| name | implementation-economy |
| description | Use before and after normal/high-risk implementation when a complexity budget is needed: declare new classes/helpers/wrappers/indirection/estimated lines, justify each new abstraction, and delete or inline abstractions that are not worth their weight. Do not use for low-risk one-file changes with no new abstraction, public API change, or behavior expansion. |
| metadata | {"short-description":"Implementation complexity budget"} |
Purpose
Use this skill to keep implementation scope small enough to review, test, and maintain.
It answers one question:
Is each new abstraction or layer worth the future cost it adds?
When to use
Use this skill when one or more applies:
dev-workflow selects the normal/high-risk default implementation lane.
- The implementation adds classes, modules, helpers, wrappers, adapters, or new indirection.
- The implementation could solve the problem either by reusing existing code or by adding a new abstraction.
- A review asks for less code, less layering, fewer helpers, or simpler implementation.

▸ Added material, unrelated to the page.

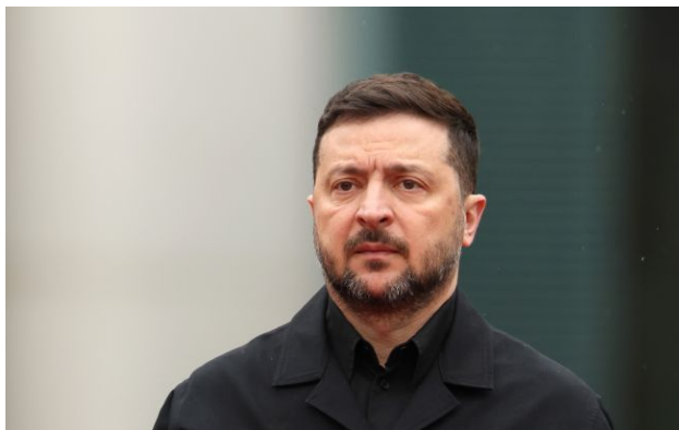
Фото: президент України Володимир Зеленський (Getty Images)

Українські санкції та удари скорочують нафтовий експорт Росії - президент України Володимир Зеленський назвав конкретні цифри по трьох ключових портах.

Do not use it for low-risk edits that touch one file, add no abstraction, keep public APIs unchanged, and do not expand behavior.
How to use
-
Before editing, write a Complexity Budget:
- changed files target
- new classes/modules target
- new helpers/wrappers/adapters target
- new indirection layers target
- rough production/test line budget
- When working under an ExecPlan with quantitative targets, reconcile this
change-level budget with the plan's contribution decomposition (the net
line budgets across phases must sum to the plan target, or the plan
forecast must be updated).
-
Prefer reuse, deletion, inlining, or local changes before adding a new abstraction.
-
For each new abstraction, write a one-line worth-its-weight justification:
- what complexity it removes
- what duplication or boundary risk it prevents
- why the existing code cannot carry the behavior cleanly
-
After implementation, produce a Post-Implementation Economy Audit:
| New abstraction | Justification | Decision | Evidence |
|---|
<name> | <why it is worth its weight> | keep/delete/inline/merge | <tests, call sites, or diff evidence> |
-
If the implementation exceeds the budget, first delete, inline, or merge unjustified abstractions. If the budget must grow, record the reason and the smallest acceptable increase.
-
Hand off to design-balance when module/class responsibility layout is unclear, and to function-boundary-governor when function/helper/API shape is the main decision.
Output expectation
Return:
- Complexity Budget (5 lines).
- Post-Implementation Economy Audit table.
- Any budget overruns and what was deleted, inlined, merged, or intentionally kept.